そうなるとタダ酒の魅力には抗えず、ズルいことを考えるのも人間の性。棒で打つより手で投げる方が、コントロール性が高いのは当然の気づき。
この手法を封じるために、触ってはダメという”あるがままの状態”で打つルールを定めることに。
だがしかし、石ころが深い草むらや川の中に飛んで行ってしまうと”あるがままの状態”で打つのが困難。
また、紛失してしまうとプレー続行不可となり、その時点で負けが確定しまうのはあまりにも呆気ないということで協議を重ねることに。
その結果「それなら、1打の罰で前位置から打ち直しできることにしよう」と決定。
そして、ゲームを重ねていくと、石が凹みや窪地、泥の中やぬかるみにあるケースでもこのルールを適用できるように改正。
即ち”いついかなるときでも、1打の罰で前位置から打ち直しできる”と更に進化。
これが『ストロークと距離の救済』です。そうですゴルフ草創期の原始ルールです。
こうして紛失したり、プレー不可能(アンプレヤブル)や、崖下など危険エリアに飛んで行った場合は”1ペナ・打ち直し”で、プレーの連続性が維持できることに。
その後、OB・池などにも併用されるようになりました。※(池はペナルティーエリアとして別の救済方法も制定)
現ルールでは『ストロークと距離の罰に基づく救済(規則18.1)』として扱っており、プレーヤーは常にこの選択肢を持っていると記されています。
なので(ペナルティーエリア以外での)紛失球、OBは、このルールが自動的に適用されるので”1ペナ・打ち直し”となるのです。
もし、この救済ルールがなかったら、崖下まで下りて行ったり、池の中のボールをあるがままに打つ…考えただけでゾッとしますワ。
この救済ルールは便利でありがたいものです。但し、このルールには落とし穴が!これは別の機会に解説します。

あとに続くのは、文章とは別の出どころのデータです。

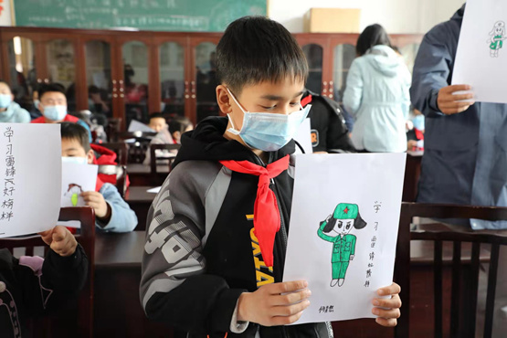 “這是我畫的雷鋒叔叔,他是解放軍所以在敬禮!”小朋友何昊然說(shuō)。志愿者們通過(guò)提問(wèn)題,講解PPT,為孩子們講解了雷鋒事跡和雷鋒精神,現(xiàn)場(chǎng)讓孩子們畫出自己心目中的雷鋒形象并進(jìn)行展示。
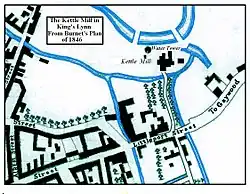 It was on the bend at the top of Kettlewell Lane that the mill once stood and was known as King's Lynn Kettle Watermill. The first record shows it as being a building housing lepers. Kettle Mills does not ever appear to have ever been a manufacturing mill. However, at one point during its rich and varied career it was certainly driven by the waters of the Gaywood.

規則18.1 ストロークと距離の罰に基づく救済はいつでも認められる
いつでも、プレーヤーは、1罰打を加え、直前のストロークが行われた場所から元の球か別の球をプレーすることによって、ストロークと距離の救済を受けることができる(規則14.6参照)。
プレーヤーは常にストロークと距離の救済の選択肢を持っている
• プレーヤーの球がコース上のどこにあっても。
• 規則がプレーヤーに特定の方法で救済を受けることや、特定の場所からプレーすることを求めている場合であっても。